_DATA EXTRACT_
==========
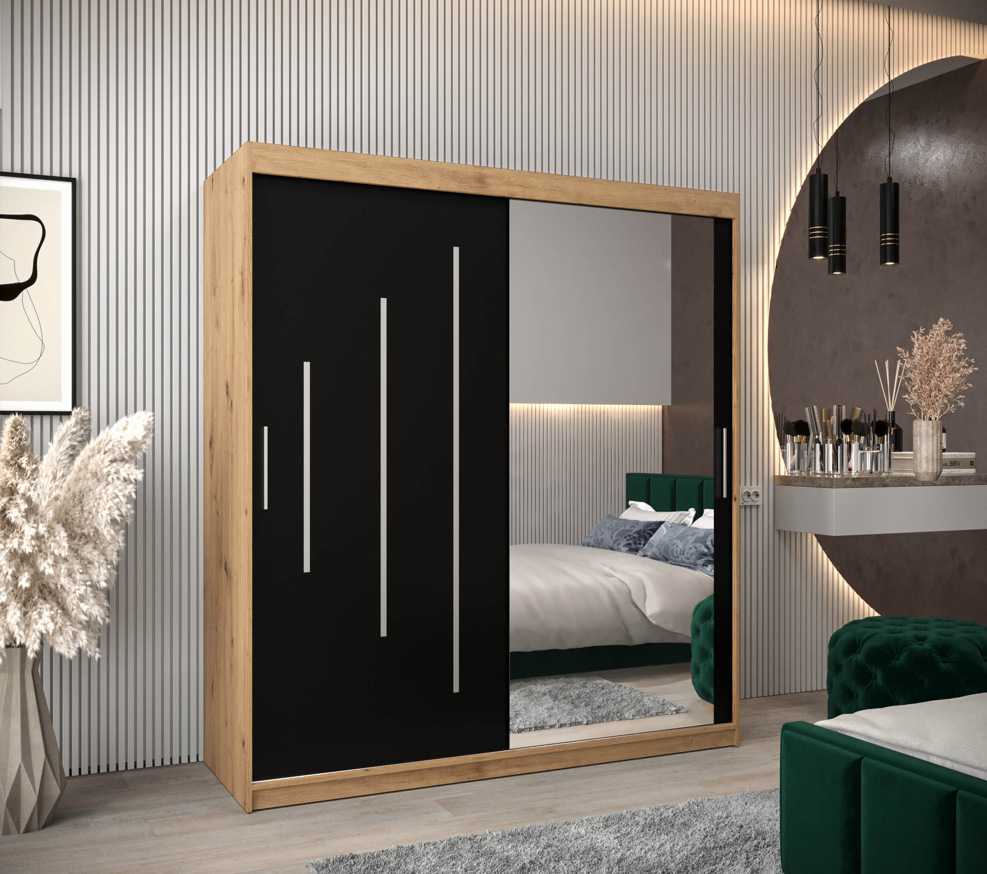 Hledáte stylovou a praktickou šatní skříň, která se hodí do vašeho interiéru? Šatní skříň Abi Y2 v barvě dub artisan s černými posuvnými dveřmi je ideálním řešením. Její moderní design a kvalitní zpracování zaručují dlouhou životnost a spokojenost s užíváním.
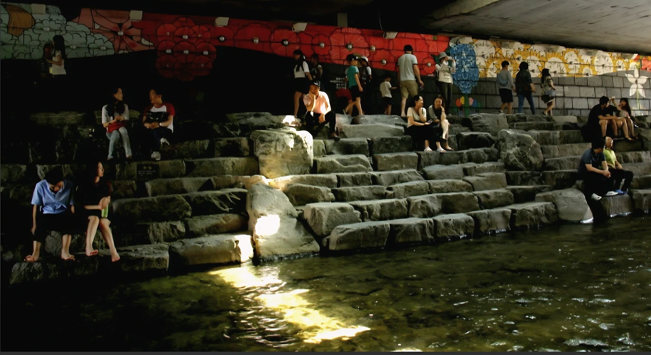 아름답다고 여러 번 들었던 청계천. 막상 마주하니 조금은 다르다. 특별한 무언가보다는, 그냥 평범한 실개천 같았다. 하지만 여름 한낮, 그 얕은 물속에 발을 담그며 웃고 있는 사람들의 모습이 청계천을 특별하게 만들고 있었다.
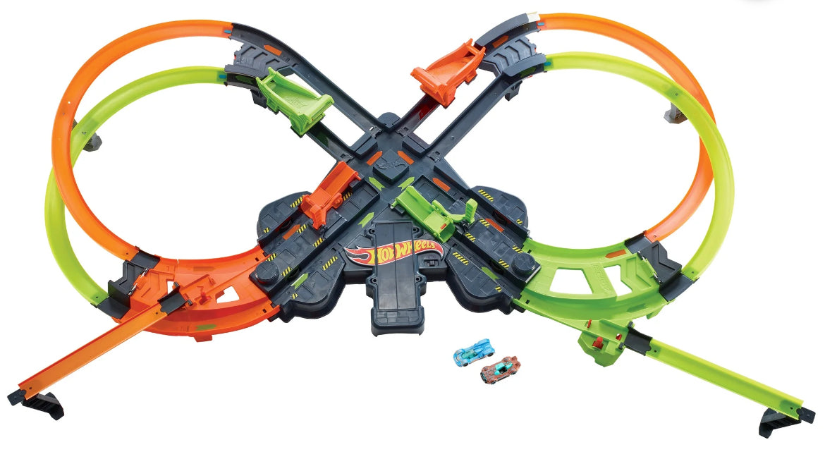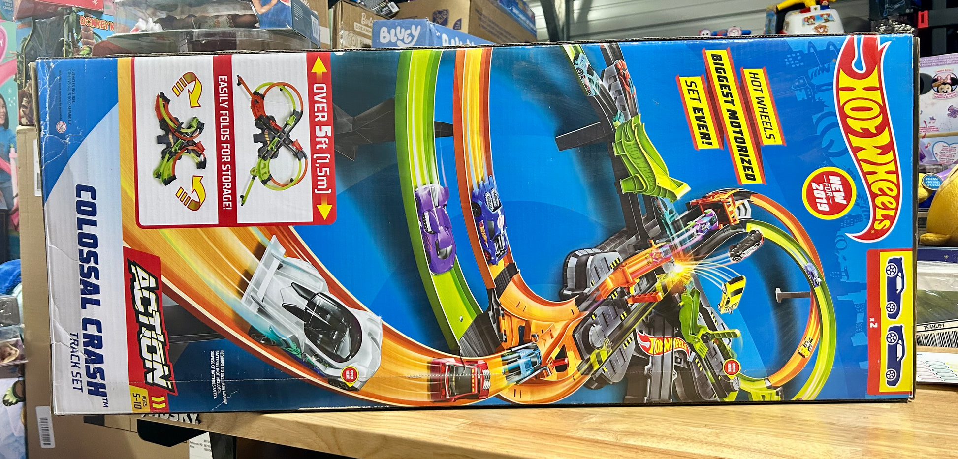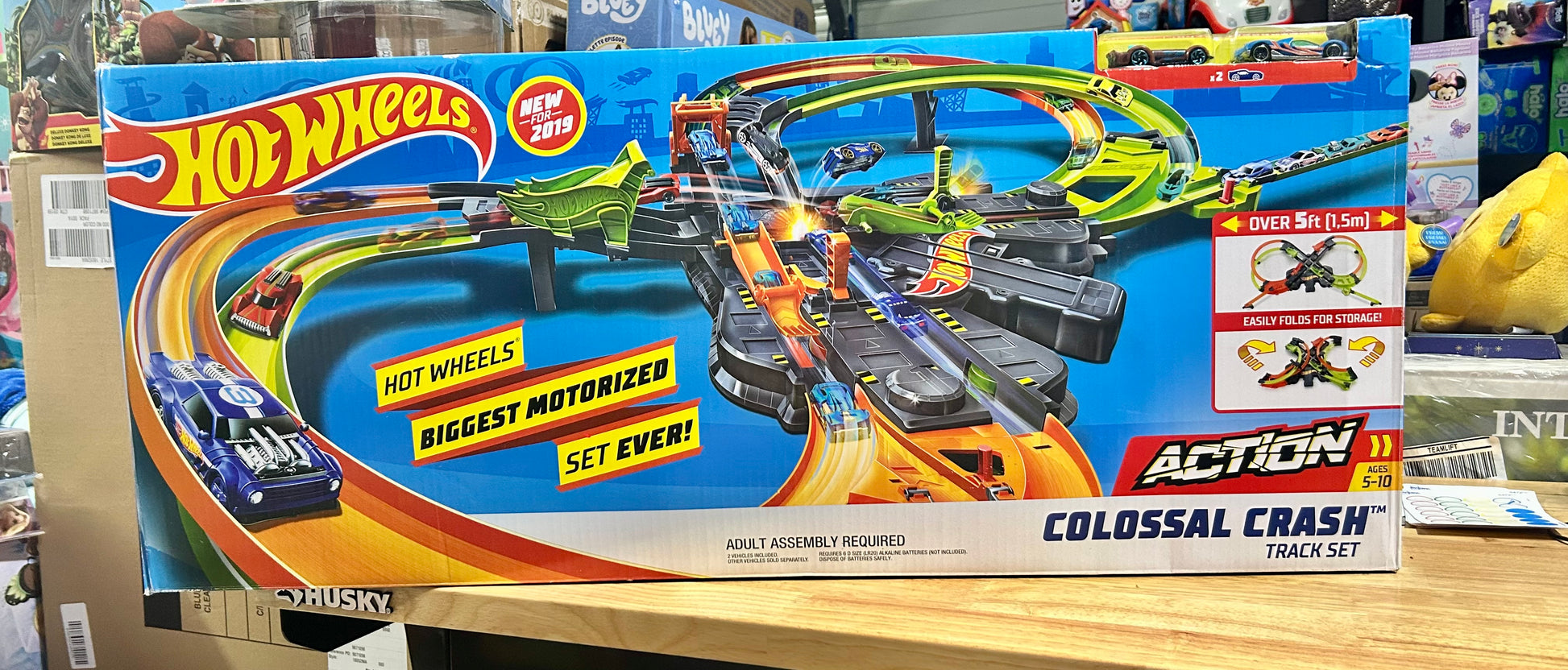 Hot Wheels Colossal Crash track set is the ultimate, show-stopping, top-of-the-list toy for the Hot Wheels Action Boy! New for 2019, the biggest boosted set Hot Wheels has ever made, this track's layout is over 5 feet wide. It's packed with speed and boosted action to get your cars crashing and smashing! Double figure-eight design offers multi-player fun, lets you race lots of cars at once, and ups the potential crash factor! Use the levers to control the action. You can send your cars zooming through the crash zone on the ground or into the air for spectacular aerial crashes! Set folds up in a couple easy steps for easy storage. Hours of competitive fun for Hot Wheels lovers!
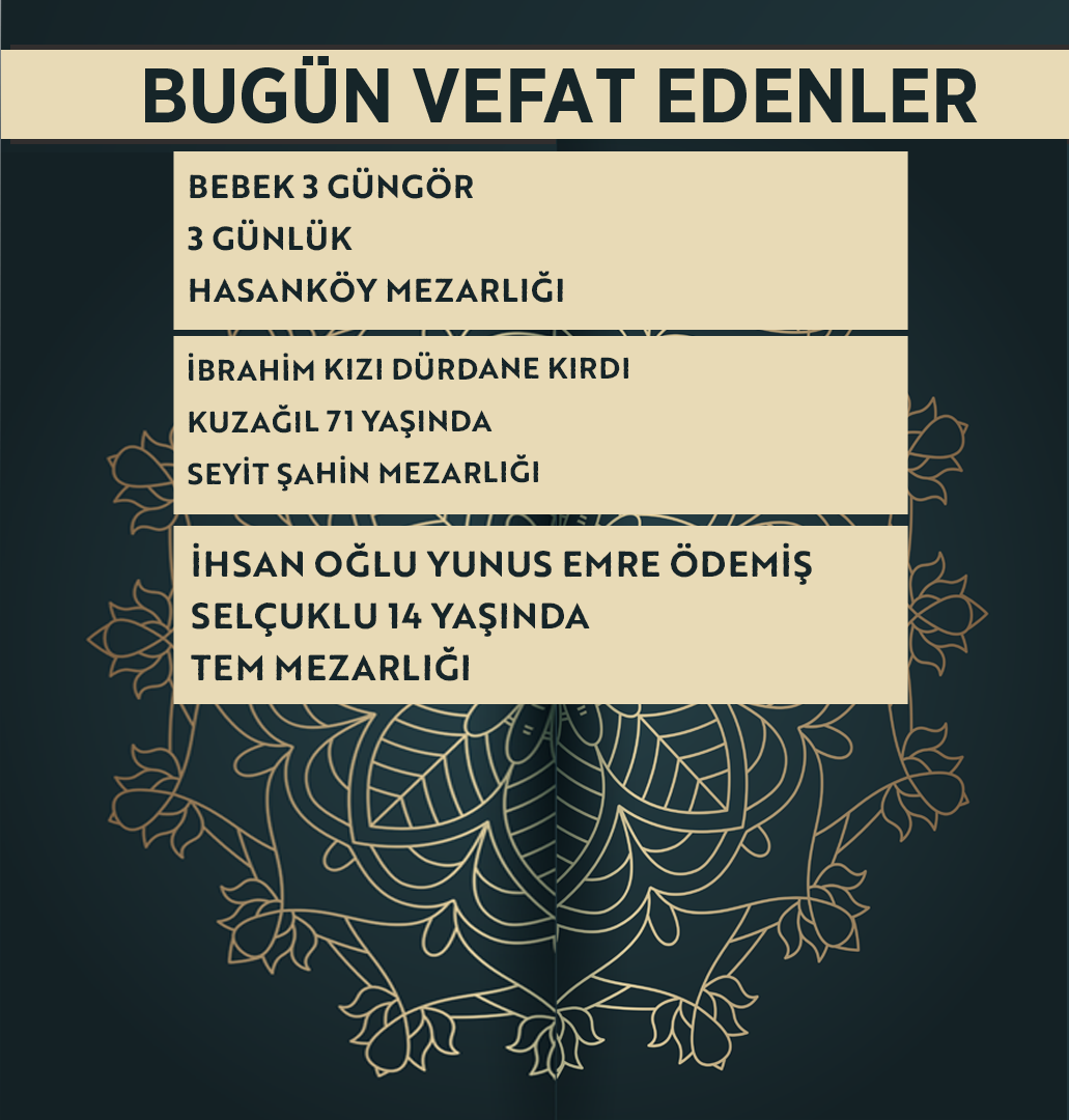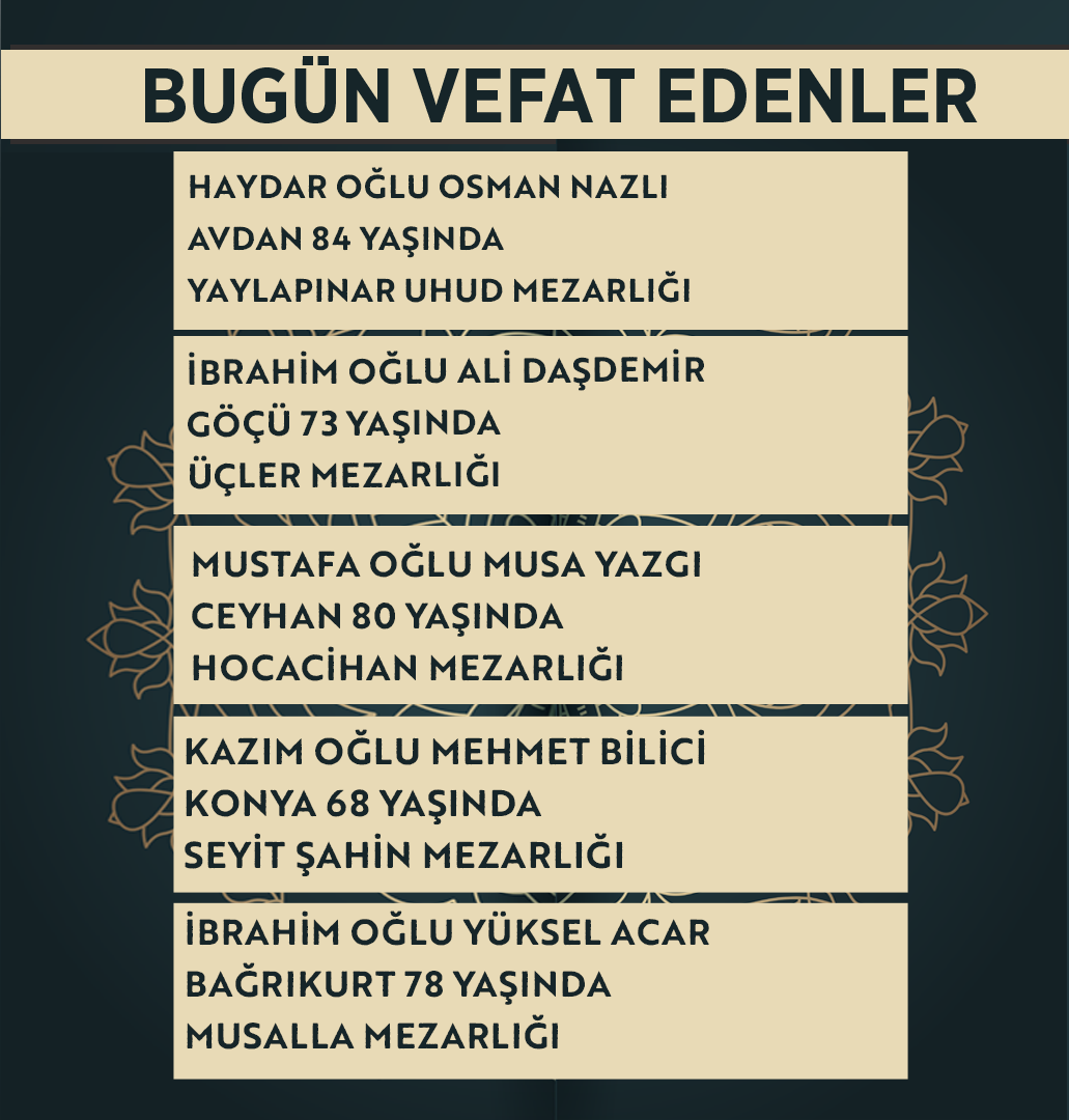 Konya'da bugün vefat edenler | 2 Nisan 2026
==========
_BRIEF_
The expected response is every line of the material, written out exactly, with the images removed.

_EXERCISE OUTPUT_
 Hledáte stylovou a praktickou šatní skříň, která se hodí do vašeho interiéru? Šatní skříň Abi Y2 v barvě dub artisan s černými posuvnými dveřmi je ideálním řešením. Její moderní design a kvalitní zpracování zaručují dlouhou životnost a spokojenost s užíváním.
 아름답다고 여러 번 들었던 청계천. 막상 마주하니 조금은 다르다. 특별한 무언가보다는, 그냥 평범한 실개천 같았다. 하지만 여름 한낮, 그 얕은 물속에 발을 담그며 웃고 있는 사람들의 모습이 청계천을 특별하게 만들고 있었다.
 Hot Wheels Colossal Crash track set is the ultimate, show-stopping, top-of-the-list toy for the Hot Wheels Action Boy! New for 2019, the biggest boosted set Hot Wheels has ever made, this track's layout is over 5 feet wide. It's packed with speed and boosted action to get your cars crashing and smashing! Double figure-eight design offers multi-player fun, lets you race lots of cars at once, and ups the potential crash factor! Use the levers to control the action. You can send your cars zooming through the crash zone on the ground or into the air for spectacular aerial crashes! Set folds up in a couple easy steps for easy storage. Hours of competitive fun for Hot Wheels lovers!
 Konya'da bugün vefat edenler | 2 Nisan 2026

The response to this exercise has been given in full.